Inside, the beds were in rows, squared away, either a slop jar or spittoon under each one, the steel gray blankets taut with a military tuck. The woodstove was unlighted, the open door congealed with dead ash. The bare walls and floors seemed enameled with cold.
But the man named Arana needed no heat source other than his own.
He lay on top of the sheet, naked except for a towel across his loins, the scarlet tattoos on his skin emblazoned with sweat. His chest was peppered with wounds that had been dressed with squares of gauze and tape and a yellow salve that smelled like an engine lubricant. But that was not where the offensive odor came from. His right thigh was twice the size it should have been, the shiny reddish black color of an eggplant.

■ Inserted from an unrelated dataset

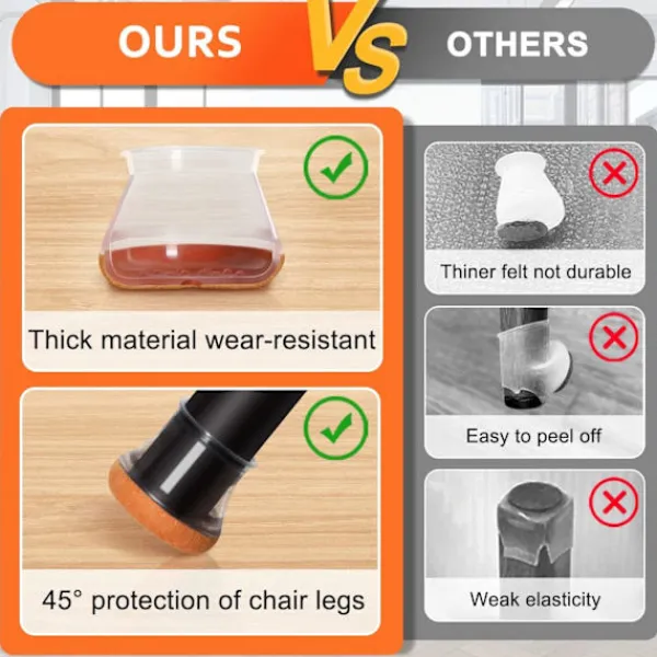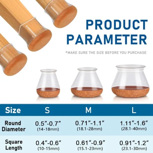 [Förstärkt bottenfiltdyna] – Den nya versionen av skyddet har en koppformad filtdyna, som ger bättre skydd för golvet och själva skyddet jämfört med en tunn platt dyna. Den förstärkta bottenkonstruktionen gör den säkrare att passa stolsbenen, vilket förhindrar glidning och rörelse. Dessutom kan du luta stolen i valfri vinkel utan att oroa dig för att skada golvet och själva skyddet. Den har en längre livslängd och kan skydda golvet bättre. [Används i stor utsträckning i flera scenarier] – Du behöver inte oroa dig för formen på möbelbenet, eftersom det har god formbarhet. Lämplig för olika möbelben: köksstolar, terrassstolar, matstolar, barstolar, byråer, uteplatser, brädor, skrivbord etc. Silikonmaterial är smuts- och vattenavvisande. [Sträckbar passform för en rad storlekar] – Möbelbensskydd för golv är smala upptill och breda nedtill för att passa olika storlekar. Passar runda ben med diameter 0,81″ till 1,2″ (18,1-28 mm); Passar fyrkantiga ben med diameter 0,71″ till 1,1″ (15,1-23 mm). [Enkel installation] – Dessa skydd är lätta att installera och kan monteras på dina stolsben på bara några sekunder. Trä bara på skydden över benen så sitter de säkert på plats, vilket ger bättre skydd för dina golv och minskar buller. [Hållbart material] – Våra skydd kan återanvändas, och rengör dem helt enkelt med vatten för att göra dem som nya. Filtkudden i botten är mycket slitstark och kommer inte att skadas av långvarig användning, vilket effektivt kan skydda golvet från repor, nötning och andra skador orsakade av stolsben.

The priest who had called the sheriff brought us chairs to sit by the bed. He was a thin, pale man, dressed in a windbreaker, flannel shirt, khaki pants and work boots that were too big for his ankles, his black hair probably scissor-cropped at home. He put his hand on my arm and turned me aside before I sat down. His breath was like a feather that had been dipped in brandy.
"Arana has absolution but no rest. He believes he served evil people who are going to hurt you," he said. "But I'm not sure of anything he says now."
"What's he told you?"
"Many things. Few of them good."
"Father, I'm not asking you to violate the seal of the confessional."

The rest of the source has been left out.